Серёга, привыкший думать, что он легко (хоть и совершенно нереальным способом) пересчитал все сегменты в квадрате, вдруг забуксовал. И неожиданно понял, что количество пересчитанных им в квадрате сегментов осталось для него загадкой. И ещё понял, что если ещё раз повторит в уме это гадское слово «сегмент», то сам себя покусает.
«Очень интересно, - тем не менее, продолжил размышлять на тему местных визуальных парадоксов и общей панорамы бывший учитель украинского пения. – Но хрен на него, на этот неизвестно какой по счёту последний… кусок парка. Однако очень хотелось бы посмотреть, что делается эво-он за теми, условно говоря, кипарисами. Которые растут между первым и четвёртым… участками. Наверно, для этого придётся спуститься с площадки и прогуляться до тех кипарисов ногами…»
 «По этому уровню ногами ходить строго запрещается, - подумал в ответ Вергилий. – Для этого и площадку оборудовали, специальную, заговорённую. Но стоит только с неё спуститься в парк, как эти, которые там гуляют, съедят нас на хрен в два счёта…»
 «И тебя? – мысленно удивился Серёга, пыхая самосадом. – А как же охранная грамота от самого, которая у тебя наверняка в портфеле имеется?»
 «Она-то имеется, да здесь такой контингент, что срать хотели и на самого, и на его охранную грамоту», - возразил Вергилий, дымя в унисон компаньону.
«Может быть, ты имеешь в виду какую-то аллегорию, говоря о том, что съедят, и о том, что срать хотели?» - на всякий случай мысленно уточнил Серёга.
«Какая в манде аллегория? – удивился Вергилий. – И съесть могут по-настоящему, и срать хотели аналогично».
«Вот эти вот дамочки-шестидесятницы, похожие на скучающих селёдок?» - не верил Серёга.

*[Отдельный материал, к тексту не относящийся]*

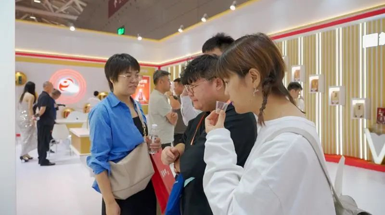 糖酒會上,今世緣酒業展位面積達135平方米,設計風格簡約大氣,以金色、紅色為主色調,“新一代醬香標準制定者”國緣V9、“中國新一代高端白酒”國緣四開、創新特色品類今世緣星球、高溝標樣等一一亮相,吸引了眾多酒水商及消費者駐足參觀、咨詢、品嘗、洽談。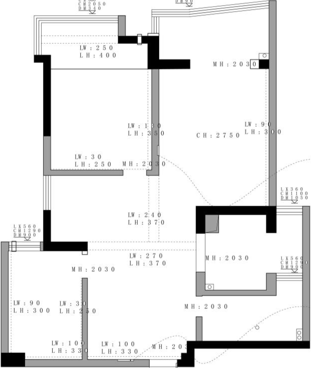 ①客餐厨面积不大,打掉所有非承重墙,规划LDK设计。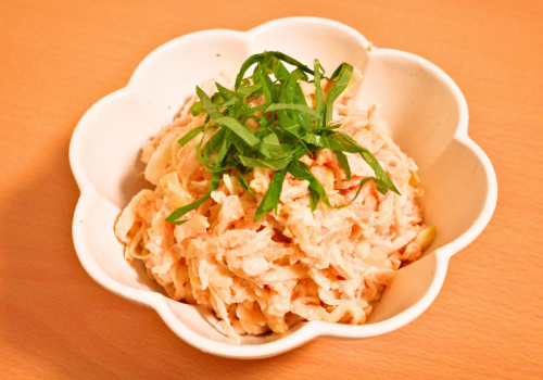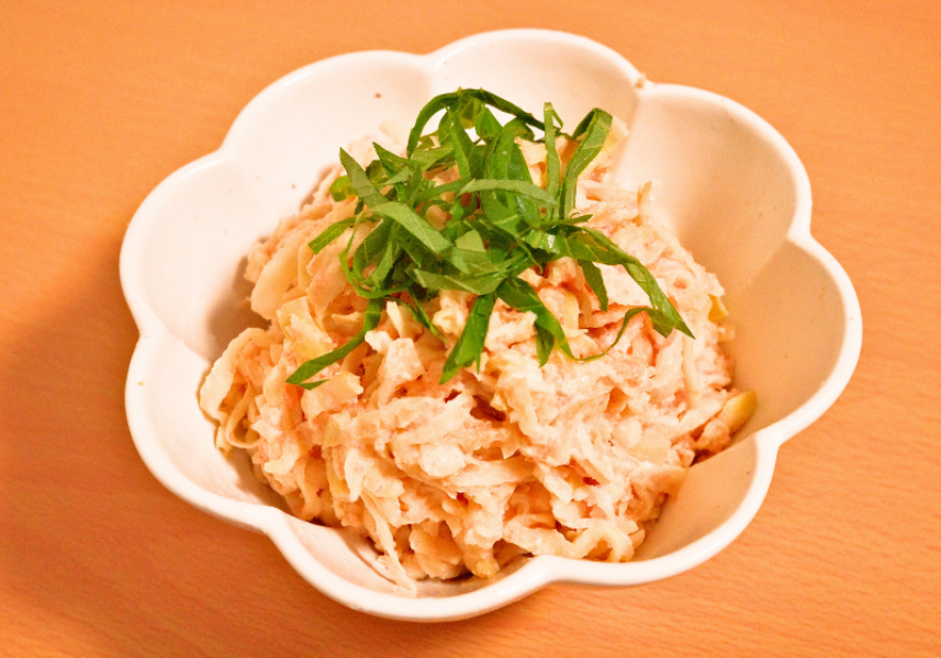 煮物、和え物、炒め物など、料理の幅が広がり、食物繊維が豊富でヘルシー。手軽に使える「せんぎり大根」は、水で戻してめんつゆ・マヨネーズに、ツナや明太子を混ぜるだけで美味しいサラダに。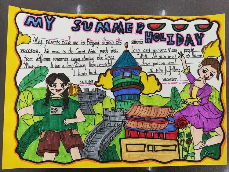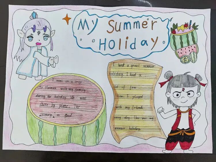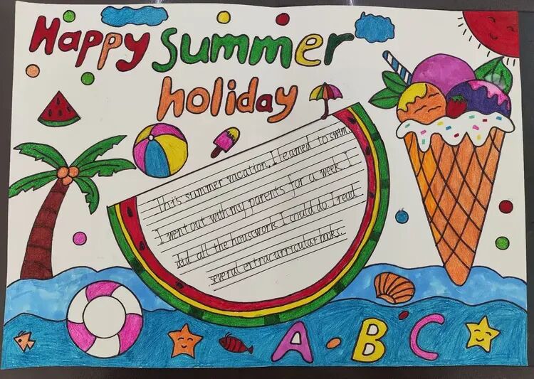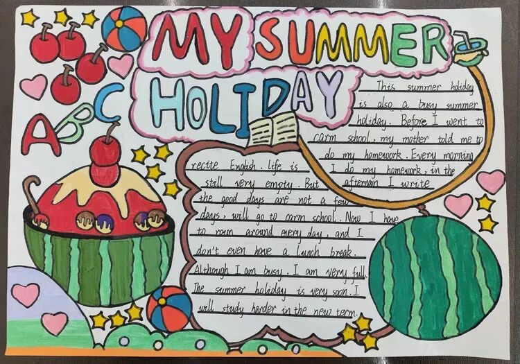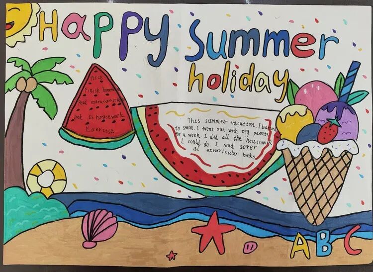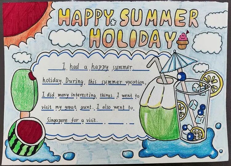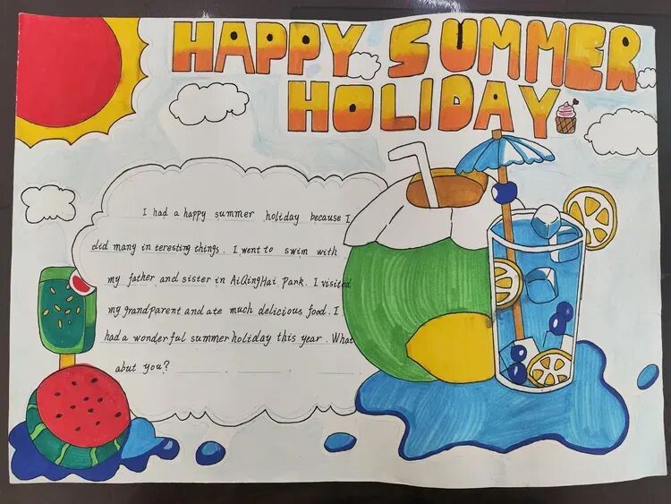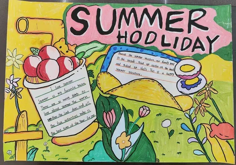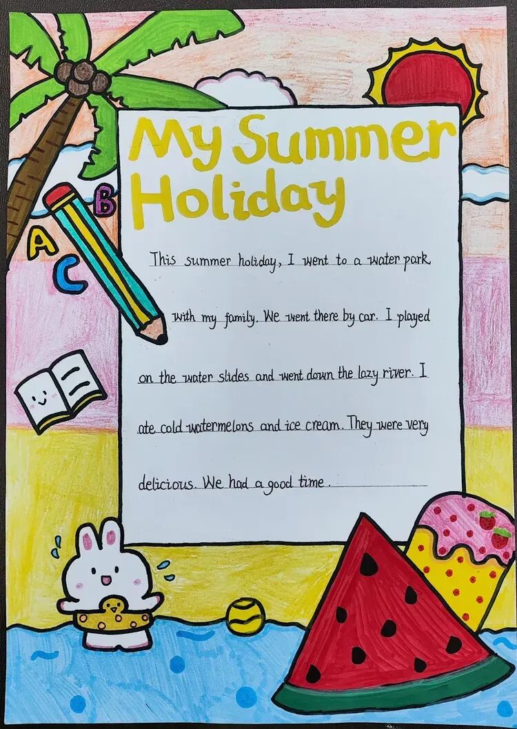当蝉鸣撞碎夏日的阳光,当书包换成泳圈的形状,我们的英语之旅也乘上了彩虹色的热气球!同学们用五彩画笔和灵动文字,把英语课堂搬进了盛夏的画卷中,用英语介绍暑假旅行见闻:这个暑假,我们用英语收藏阳光,把快乐装进行囊!希望这篇充满童趣的文本能激发孩子们的创作灵感,让英语学习和暑假回忆完美融合!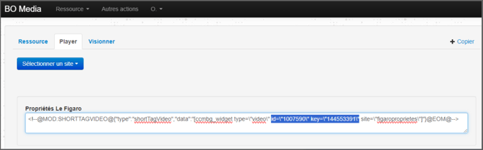 Choisir site Propriétés Le Figaro. Récupérer n° ID et n°Key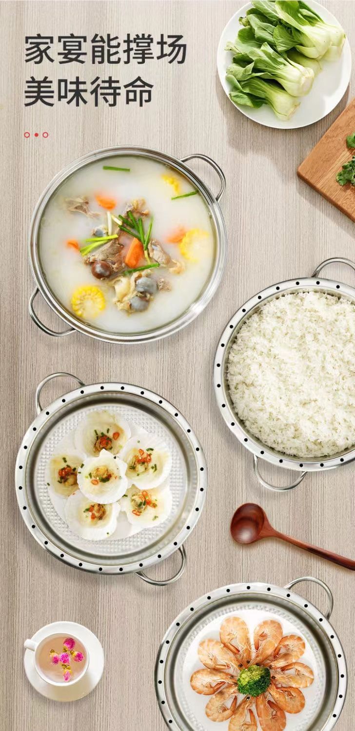 • 32cm 자동 전원 차단 찜기 - 단일 바닥 냄비 [바닥 냄비 + 뚜껑]
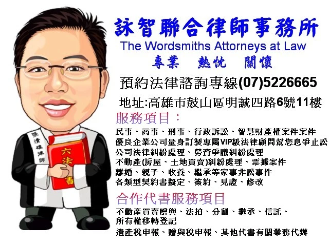 高雄律師事務所法律諮詢預約電話(07)5226665屏東律師台南律師高屏律師訴訟團隊工商憑證認證商務平台法律顧問-詠智聯合律師事務所 張清雄律師網站:http://www.law888.tw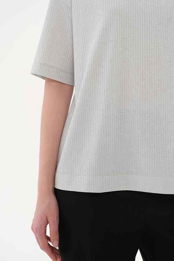 Джемпер из фактурного эластичного полотна с люрексом. Свободный силуэт со спущенной линией плеча и коротким рукавом. Вырез горловины окантован эластичной бейкой. В таблице размеров представлены параметры человека, а не изделия.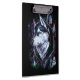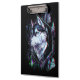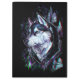A stunning digital painting of a wolf’s face, rendered with vibrant neon blues, purples, and pinks against a dark, abstract forest backdrop. The glowing, high-contrast style gives the wolf an intense, almost supernatural presence — perfect for edgy wall art, album covers, or apparel that blends nature with cyberpunk energy.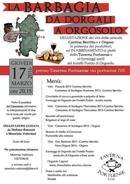 Cena degustazione con i vini di Cantina Beritti e Orgosa alla Taverna Portuense di Roma 7/3/2016 Torna a: Roma, 17 marzo. Cena degustazione con i vini di Cantina Berritta e Orgosa alla Taverna Portuense Cena degustazione con i vini di Cantina Beritti e Orgosa alla Taverna Portuense di Roma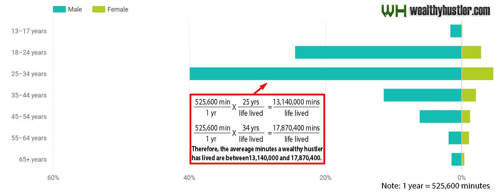Let's first start off with Wealthy Hustler's official Youtube demographics & super duper math skills.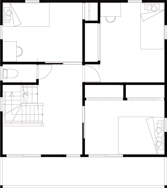 2階の広々としたホールには、テレワークや趣味に集中できるフリースペースを設けました。バルコニーに面しているため、明るく開放的な空間で、窓の外を眺めたり、外の空気を吸ってリフレッシュしながらお過ごしいただけます。また、家族みんなが使いやすいパブリックな空間なのでフレキシブルなセカンドルームとしてもご活用いただけます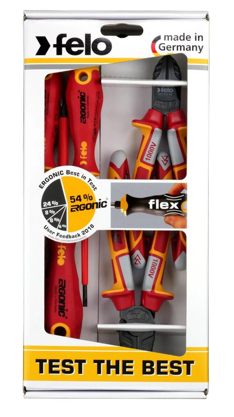 Poznaj niezastąpiony 5- częściowy zestaw dla elektryka, obejmujący: wkrętaki FELO Seria 400 VDE ERGONIC® oraz dwoje szczypiec VDE. Praca z nim gwarantuje najwyższy poziom bezpieczeństwa i komfortu!

«Вот эти вот дамочки, которые вместе со своими псевдоинтеллигентными кавалерчиками начали интенсивно загнивать в своих редакциях, студиях и театрах во время оттепели вместо того, чтобы идеологически грамотно противостоять мировым буржуям. Каковые буржуи продолжали всерьёз воевать холодную войну до победного конца, самым беспощадным образом «обличая» Советский Союз, как империю варварского зла, где попраны все мыслимые права человека. А также обвиняя его во всех тяжких вплоть до кратного превосходства в запасах всех видов вооружения и прямой подготовке к третьей мировой войне. Тем самым запугивая собственное быдло угрозой распространения советского режима на якобы благословенные вотчины истинной демократии…»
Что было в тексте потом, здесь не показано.